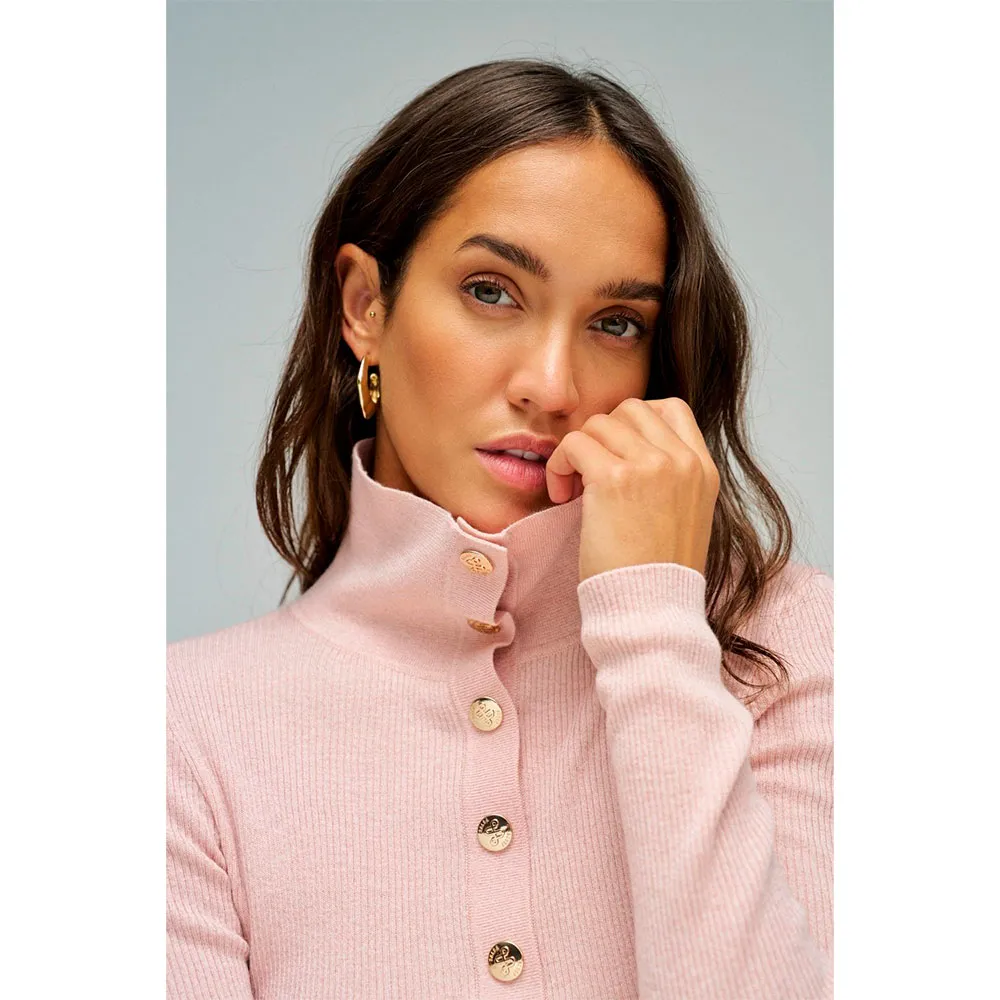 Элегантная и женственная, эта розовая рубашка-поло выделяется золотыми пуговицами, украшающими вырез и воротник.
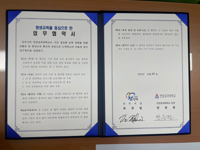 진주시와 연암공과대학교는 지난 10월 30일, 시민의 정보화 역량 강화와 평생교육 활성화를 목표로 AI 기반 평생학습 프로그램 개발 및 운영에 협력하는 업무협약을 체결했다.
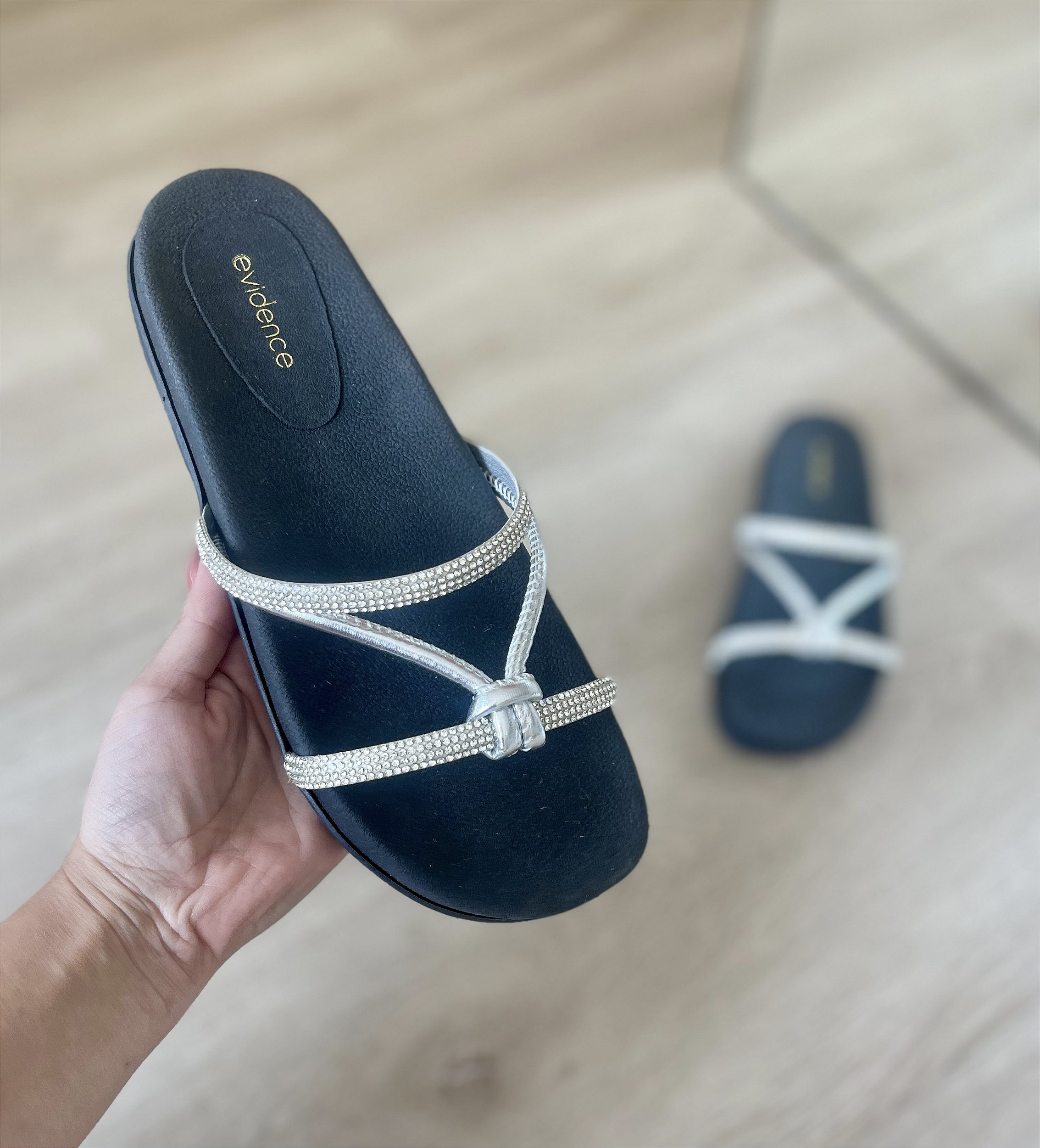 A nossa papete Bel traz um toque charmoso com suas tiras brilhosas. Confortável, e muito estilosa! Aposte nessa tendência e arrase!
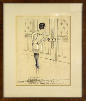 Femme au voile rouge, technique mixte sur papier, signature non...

__EXERCISE__
Exclude the pictures. Write out the remaining data exactly.

__FINISHED EXERCISE__
 Элегантная и женственная, эта розовая рубашка-поло выделяется золотыми пуговицами, украшающими вырез и воротник.
 진주시와 연암공과대학교는 지난 10월 30일, 시민의 정보화 역량 강화와 평생교육 활성화를 목표로 AI 기반 평생학습 프로그램 개발 및 운영에 협력하는 업무협약을 체결했다.
 A nossa papete Bel traz um toque charmoso com suas tiras brilhosas. Confortável, e muito estilosa! Aposte nessa tendência e arrase!
 Femme au voile rouge, technique mixte sur papier, signature non...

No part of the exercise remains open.